__Records shown__.
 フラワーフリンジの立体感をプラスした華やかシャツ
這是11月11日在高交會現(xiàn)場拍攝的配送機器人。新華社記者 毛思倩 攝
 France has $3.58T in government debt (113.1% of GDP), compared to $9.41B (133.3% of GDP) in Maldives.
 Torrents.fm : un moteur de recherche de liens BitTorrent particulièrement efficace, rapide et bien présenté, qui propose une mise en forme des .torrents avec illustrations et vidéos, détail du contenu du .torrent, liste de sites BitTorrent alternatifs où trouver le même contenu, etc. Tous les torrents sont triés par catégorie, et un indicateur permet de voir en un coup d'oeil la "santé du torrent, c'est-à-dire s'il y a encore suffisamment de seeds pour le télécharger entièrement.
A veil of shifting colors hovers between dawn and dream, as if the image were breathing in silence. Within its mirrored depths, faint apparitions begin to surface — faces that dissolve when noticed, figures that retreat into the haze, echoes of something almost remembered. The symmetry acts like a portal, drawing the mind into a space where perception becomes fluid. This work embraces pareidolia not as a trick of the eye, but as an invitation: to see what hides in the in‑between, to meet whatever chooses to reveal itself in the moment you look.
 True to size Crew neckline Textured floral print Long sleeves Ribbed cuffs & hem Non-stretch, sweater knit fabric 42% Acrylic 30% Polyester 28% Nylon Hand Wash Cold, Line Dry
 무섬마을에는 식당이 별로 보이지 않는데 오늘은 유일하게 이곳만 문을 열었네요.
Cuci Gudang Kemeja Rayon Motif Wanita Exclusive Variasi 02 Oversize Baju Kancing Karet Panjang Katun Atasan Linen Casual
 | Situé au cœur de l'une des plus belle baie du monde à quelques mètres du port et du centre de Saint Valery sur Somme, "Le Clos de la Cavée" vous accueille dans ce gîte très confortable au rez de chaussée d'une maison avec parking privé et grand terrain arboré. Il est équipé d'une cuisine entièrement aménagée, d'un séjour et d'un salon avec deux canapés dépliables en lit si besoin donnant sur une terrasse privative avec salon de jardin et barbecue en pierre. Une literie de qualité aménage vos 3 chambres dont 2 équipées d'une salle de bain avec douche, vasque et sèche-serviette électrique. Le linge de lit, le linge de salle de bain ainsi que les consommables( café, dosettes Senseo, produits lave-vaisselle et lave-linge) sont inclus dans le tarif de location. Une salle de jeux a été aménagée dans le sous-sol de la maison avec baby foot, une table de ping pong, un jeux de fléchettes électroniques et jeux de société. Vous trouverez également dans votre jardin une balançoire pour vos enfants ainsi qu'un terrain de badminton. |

__Exercise prompt__.
Every line above is to be transcribed exactly.

__Response for this exercise__.
 フラワーフリンジの立体感をプラスした華やかシャツ
這是11月11日在高交會現(xiàn)場拍攝的配送機器人。新華社記者 毛思倩 攝
 France has $3.58T in government debt (113.1% of GDP), compared to $9.41B (133.3% of GDP) in Maldives.
 Torrents.fm : un moteur de recherche de liens BitTorrent particulièrement efficace, rapide et bien présenté, qui propose une mise en forme des .torrents avec illustrations et vidéos, détail du contenu du .torrent, liste de sites BitTorrent alternatifs où trouver le même contenu, etc. Tous les torrents sont triés par catégorie, et un indicateur permet de voir en un coup d'oeil la "santé du torrent, c'est-à-dire s'il y a encore suffisamment de seeds pour le télécharger entièrement.
A veil of shifting colors hovers between dawn and dream, as if the image were breathing in silence. Within its mirrored depths, faint apparitions begin to surface — faces that dissolve when noticed, figures that retreat into the haze, echoes of something almost remembered. The symmetry acts like a portal, drawing the mind into a space where perception becomes fluid. This work embraces pareidolia not as a trick of the eye, but as an invitation: to see what hides in the in‑between, to meet whatever chooses to reveal itself in the moment you look.
 True to size Crew neckline Textured floral print Long sleeves Ribbed cuffs & hem Non-stretch, sweater knit fabric 42% Acrylic 30% Polyester 28% Nylon Hand Wash Cold, Line Dry
 무섬마을에는 식당이 별로 보이지 않는데 오늘은 유일하게 이곳만 문을 열었네요.
Cuci Gudang Kemeja Rayon Motif Wanita Exclusive Variasi 02 Oversize Baju Kancing Karet Panjang Katun Atasan Linen Casual
 | Situé au cœur de l'une des plus belle baie du monde à quelques mètres du port et du centre de Saint Valery sur Somme, "Le Clos de la Cavée" vous accueille dans ce gîte très confortable au rez de chaussée d'une maison avec parking privé et grand terrain arboré. Il est équipé d'une cuisine entièrement aménagée, d'un séjour et d'un salon avec deux canapés dépliables en lit si besoin donnant sur une terrasse privative avec salon de jardin et barbecue en pierre. Une literie de qualité aménage vos 3 chambres dont 2 équipées d'une salle de bain avec douche, vasque et sèche-serviette électrique. Le linge de lit, le linge de salle de bain ainsi que les consommables( café, dosettes Senseo, produits lave-vaisselle et lave-linge) sont inclus dans le tarif de location. Une salle de jeux a été aménagée dans le sous-sol de la maison avec baby foot, une table de ping pong, un jeux de fléchettes électroniques et jeux de société. Vous trouverez également dans votre jardin une balançoire pour vos enfants ainsi qu'un terrain de badminton. |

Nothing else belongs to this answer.